Inorganic nanocarriers exhibit higher stability and resistance to microbial growth, while having a low toxicity and allowing facile surface modifications. Mesoporous silica nanoparticles allow encapsulation of the therapeutic agent and targeted delivery to tumour cells in cancer therapy. Gold nanoparticles are biocompatible and bio-inert and have been successfully used in covalent conjugation with protein antigens in developing vaccines for cancer immunotherapy. Calcium phosphate nanoparticles are excellent candidates for developing ceramic-based carriers for peptide drugs prone to degradation, such as insulin.

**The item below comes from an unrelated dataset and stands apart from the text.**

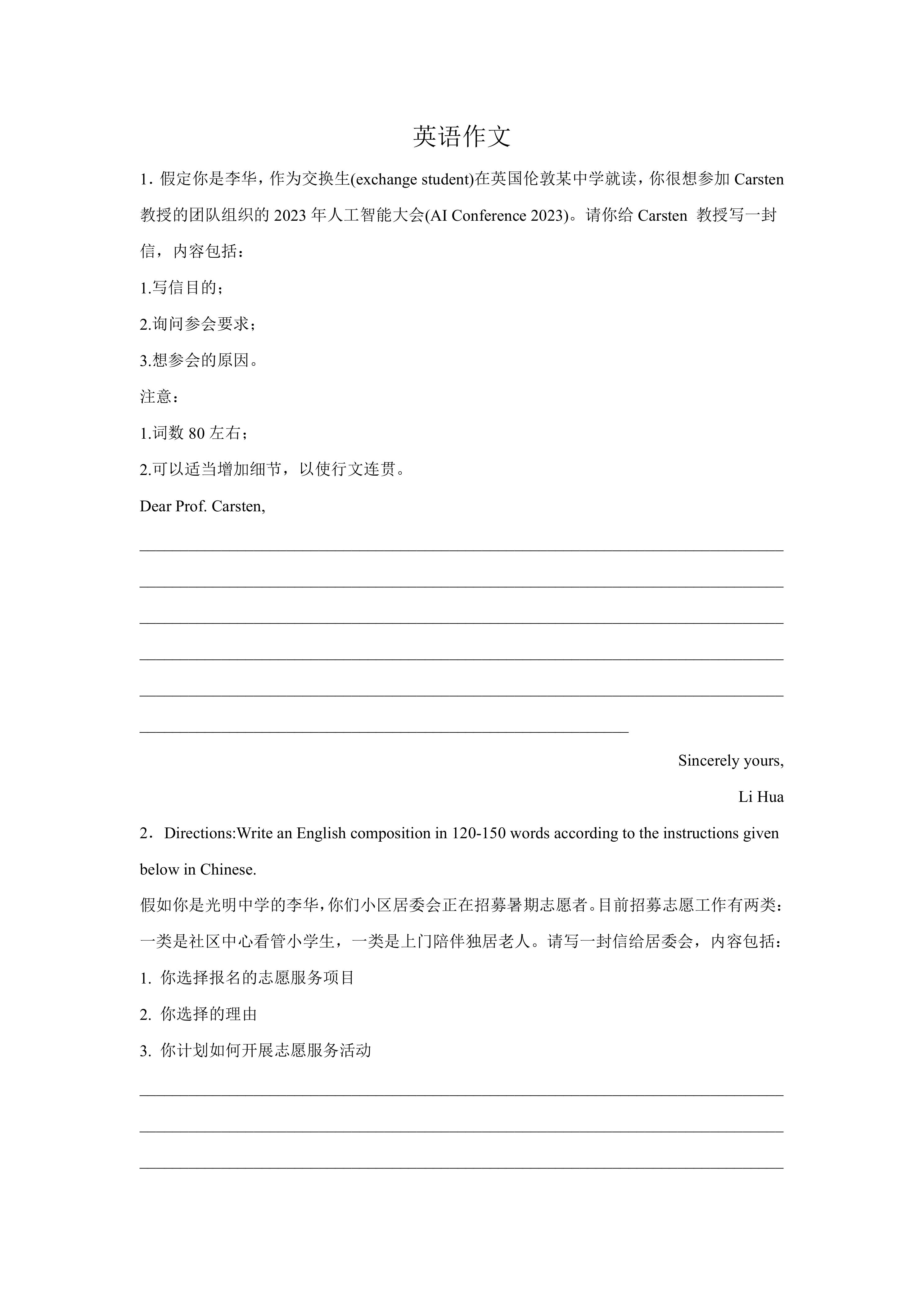 高二英语作文专项训练(含答案) 时间:2025-03-16 热度:°C 加入收藏 我要投稿 点赞() yingyu高二含答案 上一篇:广西壮族自治区南宁市第八中学2024-2025学年高二上学期12月质量检测语文试卷(含答案) 下一篇:返回列表

In conclusion, I consider this book to be a positive contribution to the biotechnology literature, although I do not recommend reading this book sequentially from Page 1 as the variety of topics introduced is too great and each individual topic is not explored in depth. It is best used (and deserves recommendation) as a reference source from which each chapter can be used as the starting point to a more in-depth study or review of a particular topic. There are some negative aspects of the presentation of this work which do, unfortunately, detract from its enjoyment. These are exemplified in the poor quality of the diagrams, the grammatical errors and the somewhat odd references of Chapter 7.
Overall, though, this book is a positive addition to the biotechnology reference bookshelf.

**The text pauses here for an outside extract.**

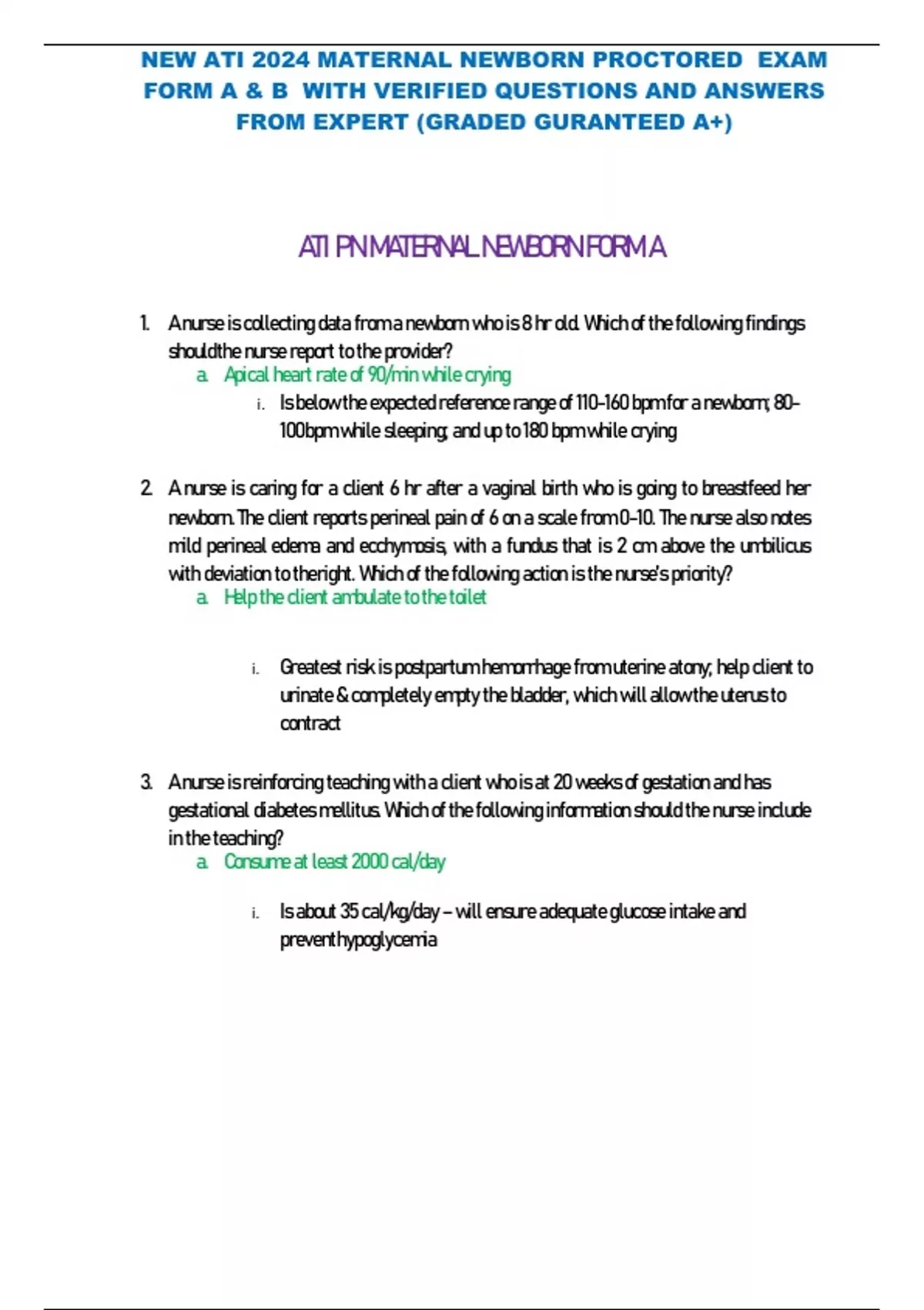 NEW ATI 2024 MATERNAL NEWBORN PROCTORED EXAM FORM A & B WITH VERIFIED QUESTIONS AND ANSWERS FROM EXPERT (GRADED GURANTEED A+ ATI PN MATERNAL NEWBORN FORM A 1. A nurse iscollecting data from a newborn whois 8 hrold. Which of thefollowing findings shouldthe nursereport tothe provider? a. Apical heart rateof90/min whilecrying i. Is below theexpected referencerangeof 110-160 bpm for a newborn; 80- 100bpm while sleeping; and up to180 bpm while crying 2. A nurse is caring for a client 6 hr after a vaginal birth who is going to breastfeed her newborn.The client reports perineal pain of 6 on a scale from 0-10. The nurse also notes mild perineal edema and ecchymosis, with a fundus that is 2 cm above the umbilicus with deviation to theright. Which of thefollowing action is the nurse’s priority? a. Help theclient ambulatetothetoilet i. Greatest risk is postpartum hemorrhage from uterine atony; help client to urinate & completelyemptythe bladder, which will allow the uterusto contract 3. A nurse isreinforcing teaching with a client whois at 20 weeksof gestation and has gestational diabetes mellitus. Which of thefollowing information should the nurseinclude in theteaching? a. Consume at least 2000 cal/day i. Is about35 cal/kg/day – willensure adequate glucoseintake and preventhypoglycemia 4. A nurse is reinforcing teaching about risk factors for respiratory distress syndrome (RDS) in newborns with a group ofclients who are pregnant. Which of thefollowing risk factors shouldthe nurse include? a. Prematurity i. A newborn whois premature hasinadequatesurfactant production, which canlead to RDS 5. A nurse is caring for a client who is planning to become pregnant. The client asks the nurse why folic acid supplements are necessary. The nurse should inform the client that the purposeof thefolic acid supplement is to do which of the following? a. Preventcertain kindsof birth defects i. Help prevent neural tube defects 6. A nurse is reinforcing discharge teaching about methods to prevent engorgement during lactation suppression with a client whois bottle-feeding her newborn. Which of the followingstatements should the nurse identify as an indication that the client understands the instructions? a. “I will applycold cabbageleavestomy breaststhroughout the day.” i. Frequent application ofcold leavesto breastscan preventengorgement ii. Should also applyice packsorcold compressesto breasts, take mild analgesics,and wear a well-fitting and supportive bra 7. A nurse is assisting with thecareof a client whois at 40 weeksof gestation and isin active labor.Which of thefollowing findings should the nurse report to the charge nurse? a. Prolonged deceleration ofFHR i. Can be a manifestation of an emergentcondition, such as uterinerupture orumbilical cord prolapse ii. Charge nurseshould notify provider about thischange 8. A client requests information about the useof a diaphragm for birth control. Which of thefollowing statements should the nurse make? a. “You will need toreplaceyour diaphragm every 2 years.” 9. A nurse is caring for a client who is at 11 weeks of gestation and reports frequent vomiting. Which of the following findings should the nurse identify as an indication that theclient hashyperemesis gravidarum? a. Ketonuria i. Occurs duetothe breakdown of fatsecondaryto malnutrition orstarvation 10. A nurse is collecting data from a client who is at 36 weeks of gestation during a prenatalexamination. Which of the following findings should the nurse report to the provider? a. Blurred vision i. An indication that theclient might have preeclampsia 11. A nurse iscaring for a newborn who has a high-pitched cry and does not respond to consolingefforts. Which of the following neonatal data collection tools should the nurse expect to complete? a. Neonatal abstinencescoring system i. Exhibiting manifestationsofopioid withdrawal and should bescreened ii. Additional manifestationsof withdrawal includerestlessness, tremors, increasedmuscle tone, and an exaggerated Moro reflex 12. A nurseiscaring for a newborn whoisreceiving phototherapy. Which of thefollowing actionsshould the nursetake? a. Place an opaque mask over the newborn’seyes i. To prevent damagetotheretinas – remove mask for feedings 13. A nurseis assisting in thecareof a newborn immediatelyfollowing birth. Which of the followingimagesshould the nurseidentify as an indication that the newborn was a myelomeningocele? a. First picture – exposed spinalcord and fluid filled sac, priorityintervention isto maintainthe integrity of the sac i. Myelomeningoceleoccurs when the neural tubefailstoclose, and the meningesand spinal cord herniate 1. Defect mostoften occurs in thelumbar area and may becovered by athin membranous sa 14. A nurse isreinforcing teaching with a client whois at9 weeksof gestation and reports frequent episodesof nausea and vomiting. Which of thefollowing instructionsshould the nurseinclude? a. Consumesmall meals frequentlyeach day i. 5-6small mealsthroughout the day – should avoid an emptystomach, as thisincreases nausea

Martin Hayes is Biotechnology Lead at Johnson Matthey based in Cambridge, UK. He has worked with Johnson Matthey since 1997 and has held multiple research, development and customer-facing technical roles across the company. He holds a PhD in heterogeneous catalysis and is interested in the application of biology as a technology to realise circular chemical processing and accelerate the transition to “Net Zero”.